= Howard Griffiths (screenwriter) =

Howard Griffiths (8 October 1935 – 24 October 1999) was a screen and television writer born in Wales who wrote Licensed to Kill and many Australian television shows.

==Biography==

Born in Swansea, Griffiths earned a scholarship to the University of Oxford with the highest entry results in Wales. He studied Classics at Trinity College, Oxford.

Griffiths did his National Service in the Royal Air Force as a Russian linguist with RAF Intelligence in West Germany listening to Soviet Air Force pilots radio transmissions. Griffiths recalled one Russian pilot wishing "A happy Christmas to our British listeners!"

After leaving the military he edited a personnel magazine for Business Publications London, where he met his future wife, who was Australian.
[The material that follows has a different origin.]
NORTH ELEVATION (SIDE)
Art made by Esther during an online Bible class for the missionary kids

After his marriage he worked for the World Book Encyclopedia, which transferred him to Sydney, Australia to develop an Australian version of the encyclopedia.
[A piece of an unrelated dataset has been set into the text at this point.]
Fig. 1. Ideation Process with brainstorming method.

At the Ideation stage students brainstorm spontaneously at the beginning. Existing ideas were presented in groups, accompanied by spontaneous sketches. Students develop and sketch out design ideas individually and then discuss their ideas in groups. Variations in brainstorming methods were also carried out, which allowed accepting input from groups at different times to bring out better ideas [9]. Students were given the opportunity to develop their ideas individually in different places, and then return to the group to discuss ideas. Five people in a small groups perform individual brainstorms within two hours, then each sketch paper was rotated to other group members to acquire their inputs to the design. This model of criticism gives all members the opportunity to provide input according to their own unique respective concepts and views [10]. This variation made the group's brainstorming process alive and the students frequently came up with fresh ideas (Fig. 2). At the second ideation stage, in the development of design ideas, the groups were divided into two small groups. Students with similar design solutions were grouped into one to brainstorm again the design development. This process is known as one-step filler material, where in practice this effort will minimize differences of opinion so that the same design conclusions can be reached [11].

Griffith's first screenplay was Licensed to Kill (1965). After emigrating to Australia, he wrote and story edited extensively for Australian television series, such as the spy series Hunter (1967), and police shows Division 4, Homicide, and Blue Heelers.

From 1975 to 1980 Griffiths was a script editor with the Australian Broadcasting Commission and received AWGIE Awards for episodes of Frank Hardy's Power Without Glory and Truckies. Griffith also co-wrote Becca (1988), an Australian-Welsh television co-production of an 1840s Welshman transported to Australia, as well as writing the teleplay to Outbreak of Love from the novel by Martin Boyd.

In addition to writing, Griffiths interviewed many survivors of RAF Bomber Command for the 1987 ABC documentary Wings of the Storm and donated all his footage to the Australian War Memorial.

Griffiths also held teaching positions with the Australian Film, Television and Radio School in Sydney and the Victorian College of the Arts and was a Victorian delegate of the Australian Writers Guild.